# Concatenation
- A join merges two `DataFrames` based on matching key values.
- In comparison, concatenation refers to stacking/merging `DataFrames` together.
- We _glue_ two `DataFrames` together in a specified direction (vertical, horizontal, diagonal, aligned).

In [1]:
import polars as pl

## Vertical Concatenation
- Vertical concatenation combines two `DataFrames` vertically.
- Polars adds one `DataFrame` to the end of another, resulting in  a taller `DataFrame`.

In [2]:
old_paintings = pl.read_csv("museum/old_paintings.csv")
old_paintings

art_id,title,artist,year
i64,str,str,i64
101,"""Sunset Over Water""","""Clara Vu""",2020
102,"""Abstract Thoughts""","""M. Lenz""",2019


In [3]:
new_paintings = pl.read_csv("museum/new_paintings.csv")
new_paintings

art_id,title,artist,year
i64,str,str,i64
103,"""Golden Horizon""","""R. Miro""",2026
104,"""Color Theory""","""N. Okada""",2026


- The `pl.concat` function concatenates two `DataFrames` together.
- The `how` parameter sets the orientation/direction of the merge.
- The default argument for `how` is `vertical`.
- `old_paintings` and `new_paintings` have the same columns, simplifying the concatenation.

In [4]:
pl.concat([old_paintings, new_paintings], how="vertical")

art_id,title,artist,year
i64,str,str,i64
101,"""Sunset Over Water""","""Clara Vu""",2020
102,"""Abstract Thoughts""","""M. Lenz""",2019
103,"""Golden Horizon""","""R. Miro""",2026
104,"""Color Theory""","""N. Okada""",2026


### Further Reading
- https://docs.pola.rs/user-guide/getting-started/#concatenating-dataframes
- https://docs.pola.rs/user-guide/transformations/concatenation/#vertical-concatenation-getting-longer
- https://docs.pola.rs/api/python/stable/reference/api/polars.concat.html

## Horizontal Concatenation
- Horizontal concatenation merges two `DataFrames` in a horizontal direction (the `DataFrame` becomes wider). 
- Polars concatenates the second `DataFrame` to the right side of the first `DataFrame`.

In [5]:
old_paintings = pl.read_csv("museum/old_paintings.csv")
new_paintings = pl.read_csv("museum/new_paintings.csv")
paintings = pl.concat([old_paintings, new_paintings], how="vertical")
paintings

art_id,title,artist,year
i64,str,str,i64
101,"""Sunset Over Water""","""Clara Vu""",2020
102,"""Abstract Thoughts""","""M. Lenz""",2019
103,"""Golden Horizon""","""R. Miro""",2026
104,"""Color Theory""","""N. Okada""",2026


In [6]:
artwork_metadata = pl.read_csv("museum/artwork_metadata.csv")
artwork_metadata

location,on_display
str,bool
"""Room A""",True
"""Room B""",True
"""Room C""",False
"""Room C""",True
"""Sculpture Hall""",True
"""Sculpture Hall""",False


- Horizontal concatenation glues the second `DataFrame`'s columns to the _right_ of the first `DataFrame`'s columns.

In [7]:
pl.concat([paintings, artwork_metadata.head(4)], how="horizontal")

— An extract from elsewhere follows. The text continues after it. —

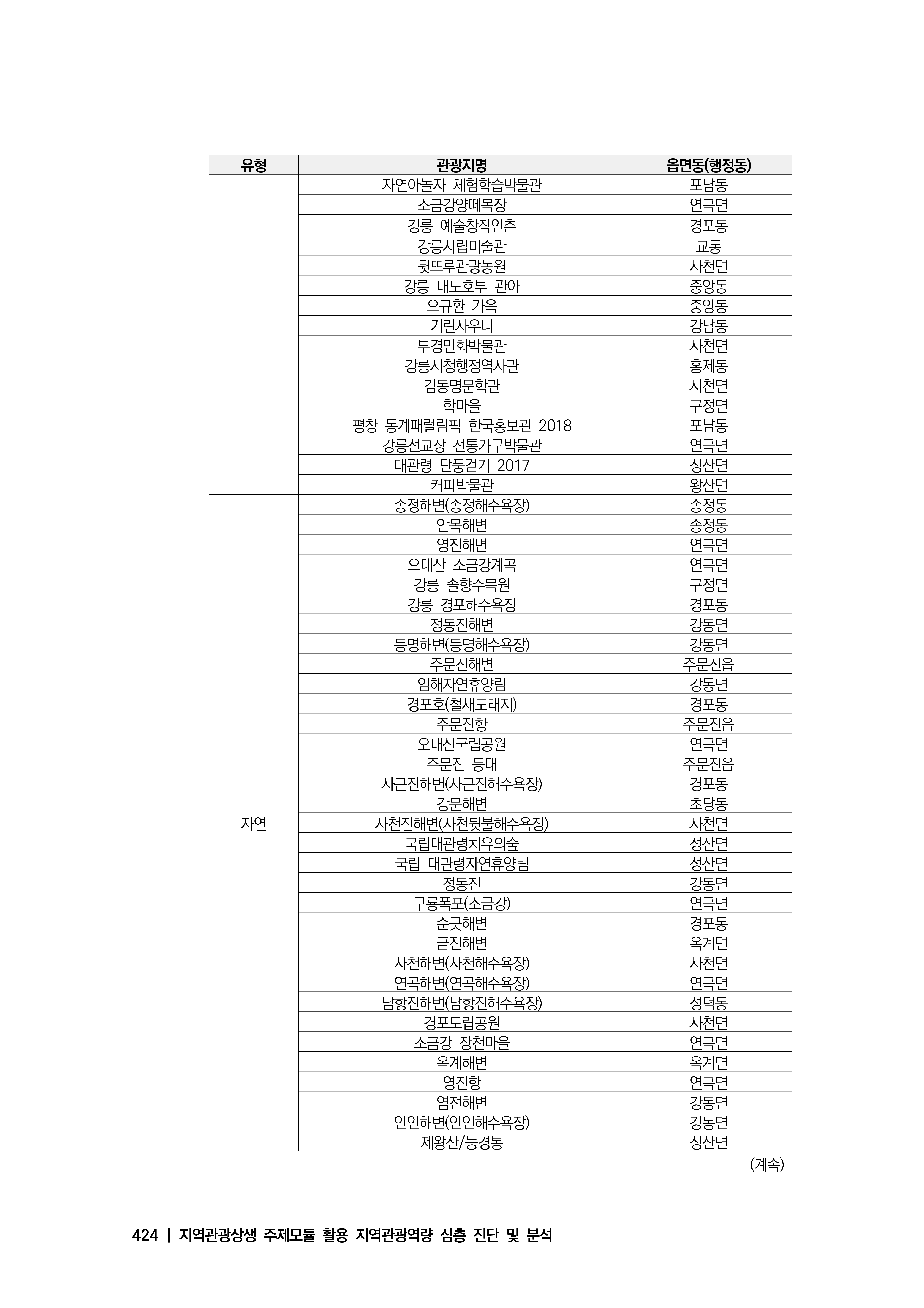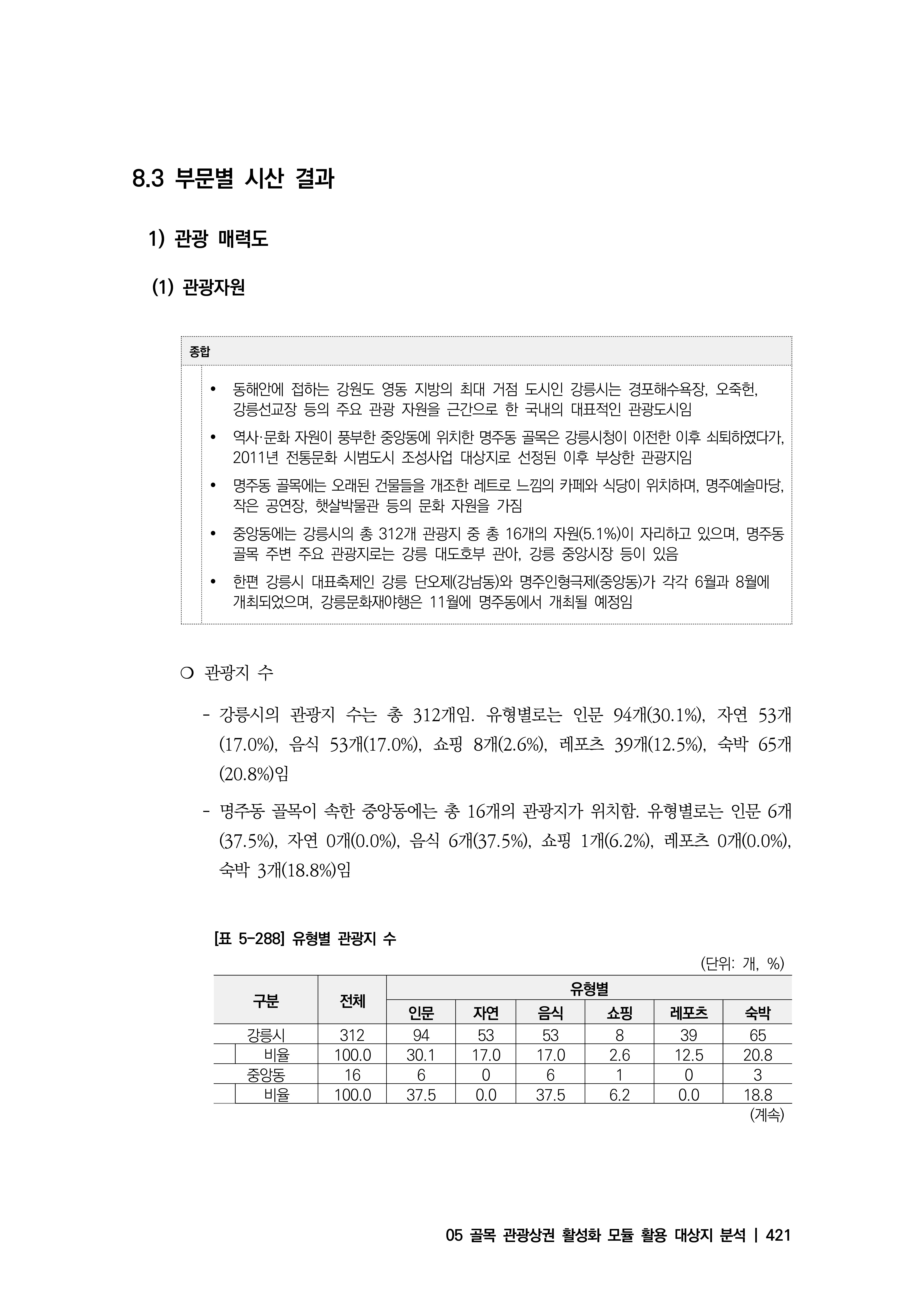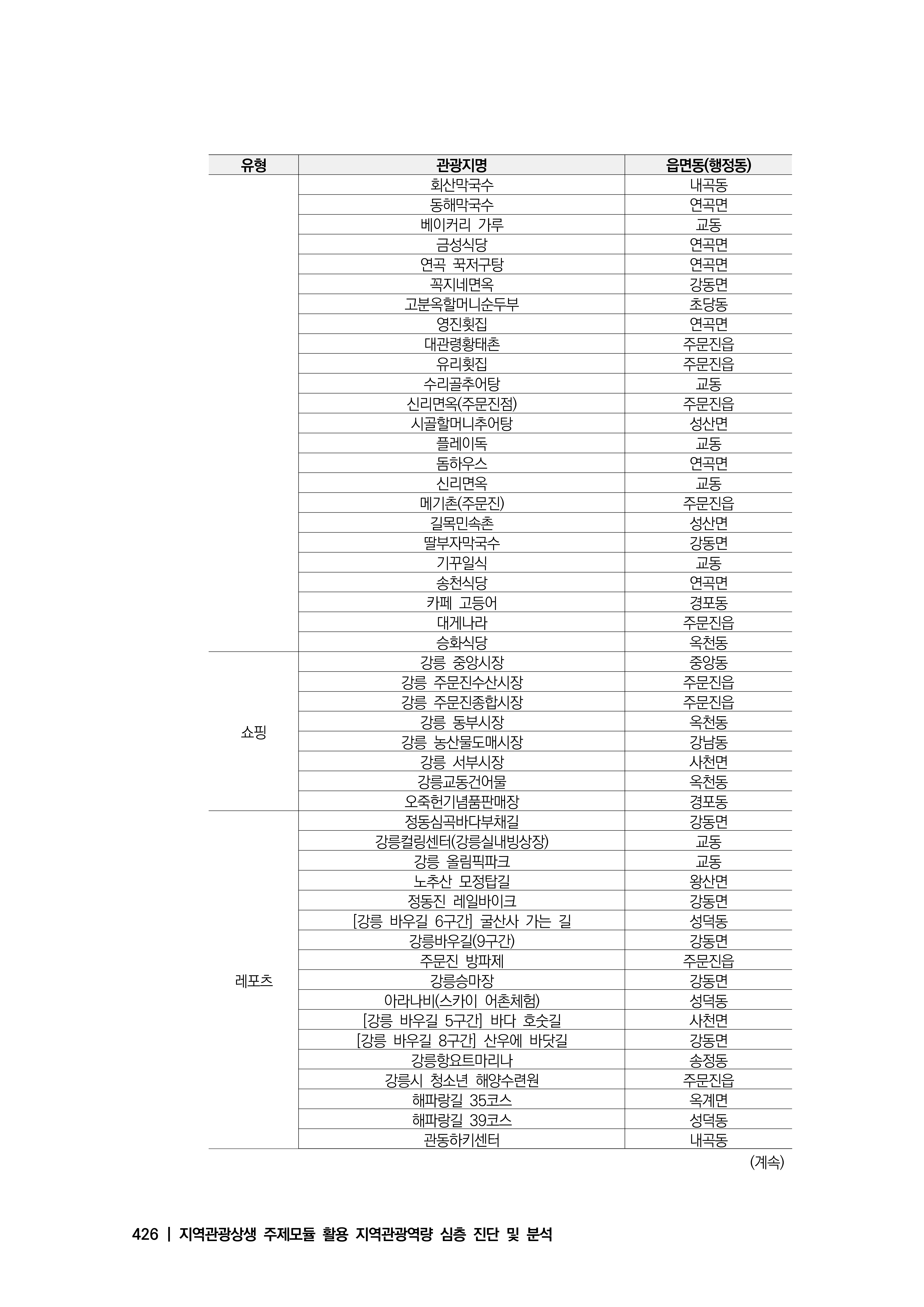 지역관광역량 심층진단 및 분석 보고서 (강릉 명주동 부분 발췌)

art_id,title,artist,year,location,on_display
i64,str,str,i64,str,bool
101,"""Sunset Over Water""","""Clara Vu""",2020,"""Room A""",True
102,"""Abstract Thoughts""","""M. Lenz""",2019,"""Room B""",True
103,"""Golden Horizon""","""R. Miro""",2026,"""Room C""",False
104,"""Color Theory""","""N. Okada""",2026,"""Room C""",True


- If the right `DataFrame` has more rows, the column values for the left `DataFrame` will be `null`.

In [8]:
pl.concat([paintings, artwork_metadata], how="horizontal")

art_id,title,artist,year,location,on_display
i64,str,str,i64,str,bool
101.0,"""Sunset Over Water""","""Clara Vu""",2020.0,"""Room A""",True
102.0,"""Abstract Thoughts""","""M. Lenz""",2019.0,"""Room B""",True
103.0,"""Golden Horizon""","""R. Miro""",2026.0,"""Room C""",False
104.0,"""Color Theory""","""N. Okada""",2026.0,"""Room C""",True
,,,,"""Sculpture Hall""",True
,,,,"""Sculpture Hall""",False


- If the left `DataFrame` has more rows, the column values for the right `DataFrame` will be `null`.

In [9]:
pl.concat([paintings, artwork_metadata.head(2)], how="horizontal")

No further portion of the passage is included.